What is needed>
Pull out from the material below all lines with "Scythian".

Input>
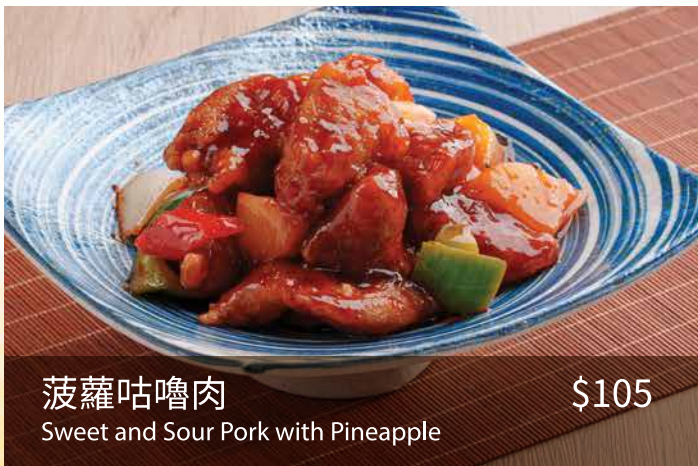
菠蘿咕嚕肉 Sweet and Sour Pork with Pineapple
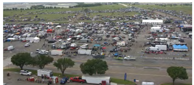
Pate Looking Center
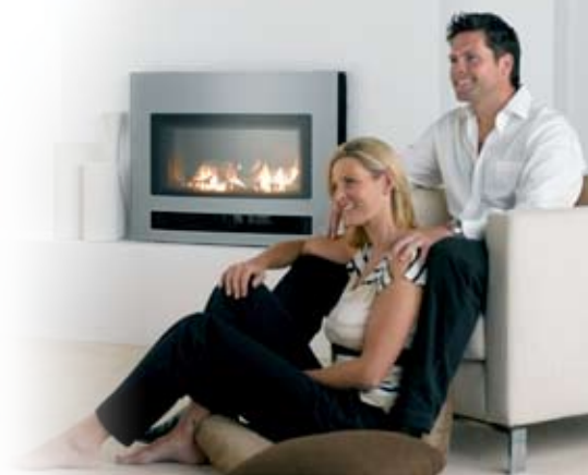
FIREPLACE SHOWN WITH SILVER RADIUS GLASS FRONT
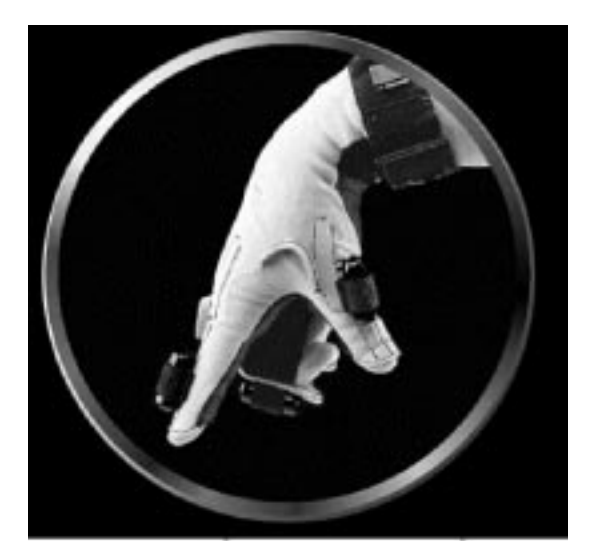
Figure 8: CyberTouch

objects. Force feedback devices convey information about the resistance of surfaces (e.g., prevents users from walking through walls) and the gravity, weight, and solidity of objects. This feedback is provided through mechanisms such as joysticks, steering wheels, and handgrips. As mentioned earlier, gloves and exoskeletons or bodysuits can be designed to convey force feedback (see Figure 7).
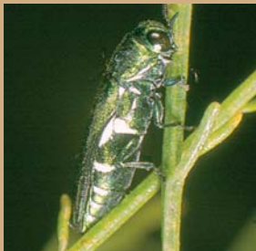
Agrilus (Engyaulus) inhabilis chalcogaster Van Dyke
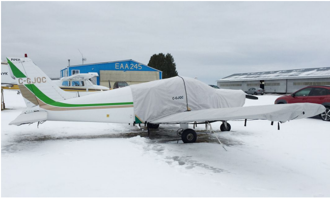
Piper PA-28 Extended Canopy/Engine, Wing & Horizontal Stabilizer Covers

mitigation, or for occasional travel. The material is lighter and more compact, but more susceptible to UV damage and may have a shorter useful life if used continuously outside than the all-year use material.
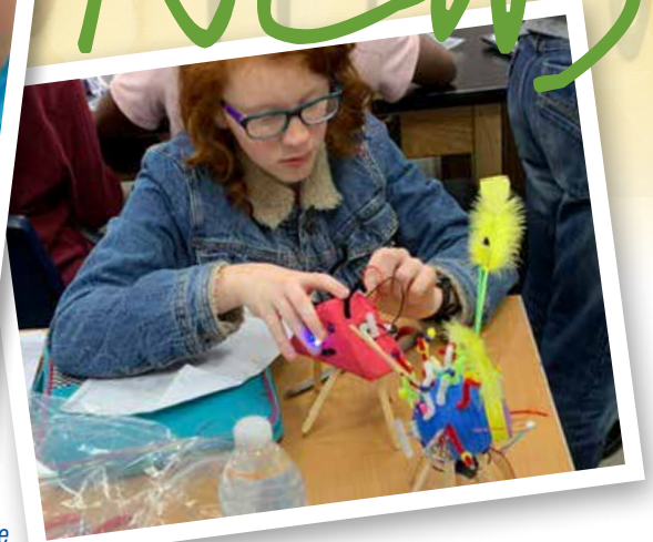
Artists in residence
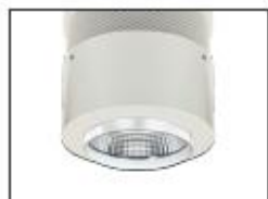
TA310/FROST Frosted vertical halo
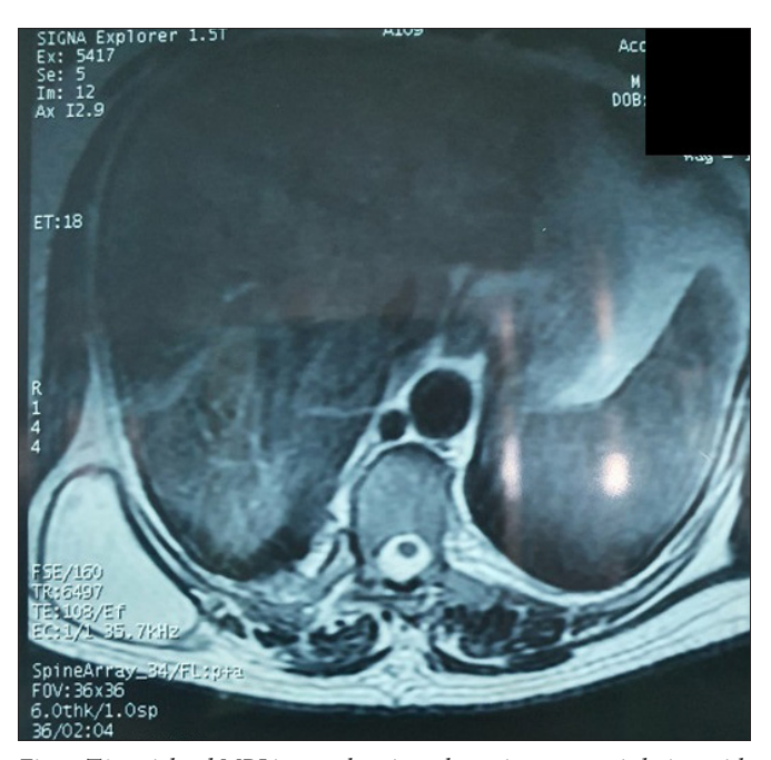
Fig. 5. T2-weighted MRI image showing a hyperintense cystic lesion with a hypointense rim located within the right 7^{th} rib.

progressive, with numerous microvesicles and without encystment of the parasite. ^{[1]}
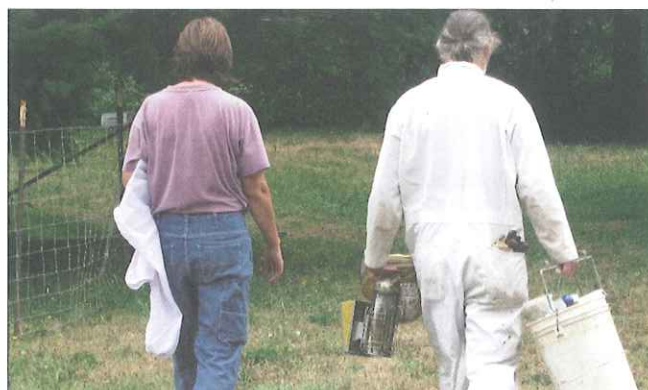
Figure 14: Residential beekeepers should be prepared to answer neighbors' questions about bees, as it can be an excellent opportunity to educate the public.

early. Requeening can sometimes be difficult; new beekeepers should consult a more experienced beekeeper before proceeding.
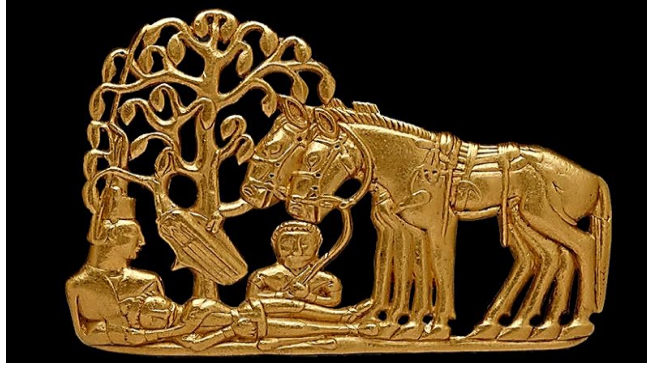
Figure 1. Scythian gold artifact 23

The nomads' understanding of art exhibited a structure that combined functionality and aesthetics, and these features became evident especially in works of art where portability was at the forefront. Their mastery in fields such as metalworking and weaving enabled them to produce products that appealed to both the practical needs of daily life and aesthetic values. In this context, the Scythian Golden Artifact stands out as a work that exemplifies the artistic and functional perfection achieved by nomads in metalworking, which reflects the artistic understanding of nomadic societies on both practical and aesthetic levels. In this context, the Scythian Gold Artifact is presented in Figure 1.
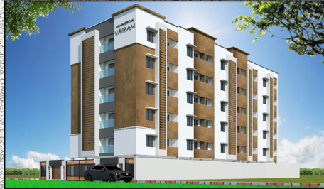
NAVANEETHA VAIRAM MARIS AVENUE, CANTONMENT, TRICHY.
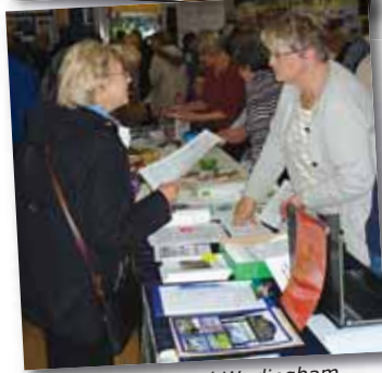
The visitors packed Warlingham Church Hall for the popular, free event.

been an excellent afternoon. The feedback is that everyone has found it really interesting." For more information about local history visit www.surreycc.gov.uk/surreyhistorycentre and www.exploringsurreyspast.org.uk
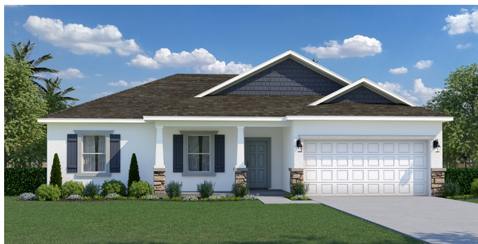
Architectural Style B - Stone
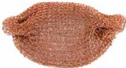
3A Copper Mesh
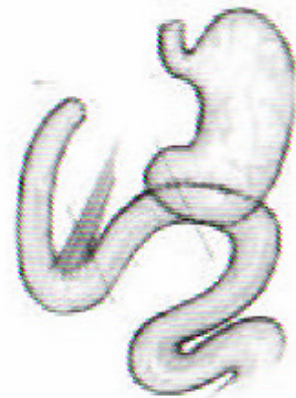
Standard Billroth II Gastrojejunostomy.

The Billroth II is the most commonly performed type of connection between the stomach and the small bowel. The Billroth II is a surgical procedure used routinely in the treatment of trauma, stomach cancer and peptic ulcers. In the usual Billroth II, the esophagus and the body of the stomach are distant from the Billroth II connection. The Billroth II connects the stomach to the jejunum, the upper-middle portion of the small intestine. Like the Mini-Gastric Bypass, the standard Billroth II places the connection between the stomach and the small bowel low on the stomach at the junction between the body and the antrum of the stomach. The lower part of the stomach is often removed in the usual Billroth II surgery.
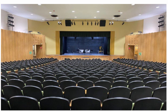
Parcells MS Renovated Auditorium
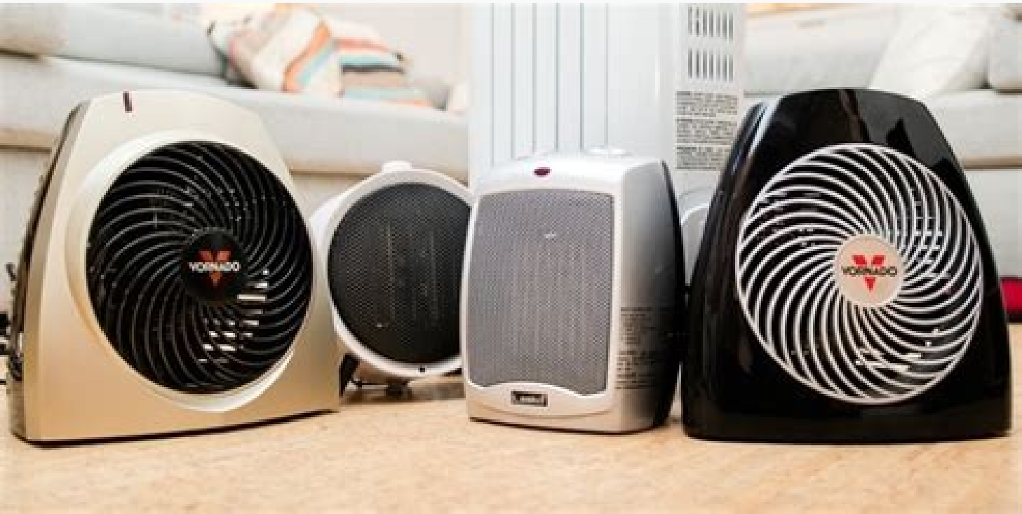
Most energy efficient space heaters consumer reports. Consumer reports reviews of space heaters.
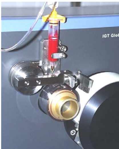
Fig. 1: Gravure accessory

Task output>
Figure 1. Scythian gold artifact 23
The nomads' understanding of art exhibited a structure that combined functionality and aesthetics, and these features became evident especially in works of art where portability was at the forefront. Their mastery in fields such as metalworking and weaving enabled them to produce products that appealed to both the practical needs of daily life and aesthetic values. In this context, the Scythian Golden Artifact stands out as a work that exemplifies the artistic and functional perfection achieved by nomads in metalworking, which reflects the artistic understanding of nomadic societies on both practical and aesthetic levels. In this context, the Scythian Gold Artifact is presented in Figure 1.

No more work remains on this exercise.